Their itineraries, taking in the likes of Belarus, Myanmar and the Middle East, would have tested even Washington’s seasoned regular diplomats.

Saxophonist Chris Byars’ quartet was dispatched to play in US bugbear Syria, as well as in Bahrain and other deeply conservative Muslim states.

He describes arriving in Oman and thinking that "wow, these people have never heard jazz before."

Rhythm Road started in 2005, but descends from the Cold War-era Jazz Ambassadors program which sent legends including Dizzie Gillespie, Benny Goodman, Louis Armstrong and Duke Ellington out to combat Soviet cultural influence.

The program is thriving — applications are up a third to audition for the 2010 season — and would seem to fit well with President Barack Obama’s promise of greater dialogue.

Certainly the US image, battered by torture scandals and the widely condemned wars in Iraq and Afghanistan, could do with a public relations lift.

Participants say the program does just that, stressing that jazz is not only the most American of art forms, but also peculiarly suited to diplomacy.

After all, bands typically involve three or four people playing different instruments without sheet music and still, through negotiation and cooperation, combining to produce glorious sound.

"It’s about engagement and listening. That’s fundamental to a bandstand," said Susan John, Jazz at Lincoln Centre’s director of touring.

Jazz principles of "call and response and improvisation," she added, are "a perfect illustration of democracy and dialogue."

Ryan Cohan, whose quartet toured Belarus, Russia and Ukraine this year, said audiences potentially hostile to the United States quickly warm to visiting bands.

"People see this desire of Americans to connect, Americans that they thought were out to rule the world. They see humility," Cohan, 38, said. "It gives an incredibly different perspective about Americans."

Not all Rhythm Road musicians play jazz.

Liz Chibucos, 23, visited Myanmar with Student Loan, a bluegrass band, but she said the strategy of using archetypal US sounds to connect with people — and inviting them to join improv sessions — was the same.

"We said, ‘we’re bringing our culture to you and we want to learn from you,’" she recalled, adding: "This is far more effective than any war."

Participants acknowledge some might perceive them as propaganda tools, but say the danger is easily avoided when instruments are allowed to do the talking.

"A lot of that is better accomplished without words. When you start to spell it out for people they start to think you’re out to sell and they get cynical," Byars, 38, said. "The sooner I start to play the happier people are."

Even Oman eventually caved in to US diplomacy’s sonic weapon, Byars says.
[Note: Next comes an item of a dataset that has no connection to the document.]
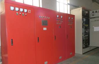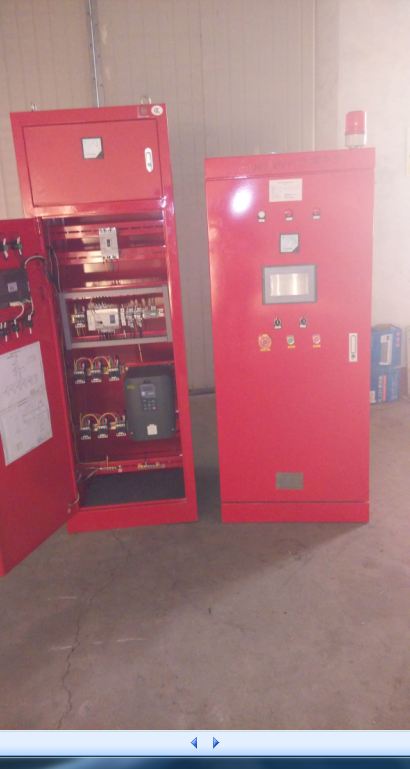 CX-XF消防巡检成套设备是由主回路检测及消防水泵低频低压试水两部分组成,能完成对主控回路检测及水泵的低频自动试水。主回路监测时,主控单元智能控制器输出指令,逐一对主回路断路器、接触器进行监测,所有监测返回信号返回到智能控制器。主回路监测完成后,主控单元智能控制器发出下一个试水指令,依次对消防水泵进行低压试水,出水口的压力和流量值经过计算后与预先设定的水泵性能参数作比较,如果低于正常工作下线,发出声光报警,显示屏弹出警告信息。同时完成故障的上传,通知相关值班人员进项检修,确保消防设备万无一失。

During a rather strained concert for students the electricity unexpectedly cut. Then suddenly, under cover of darkness, the straight-laced audience loosened up, danced and began to wave cell phones.

"It became like a jazz club," Byars said. "They started to have fun. They also had cell phones and I saw all these glowing lights, a combination of fireflies and UFOs and I really knew they were there. It was incredible."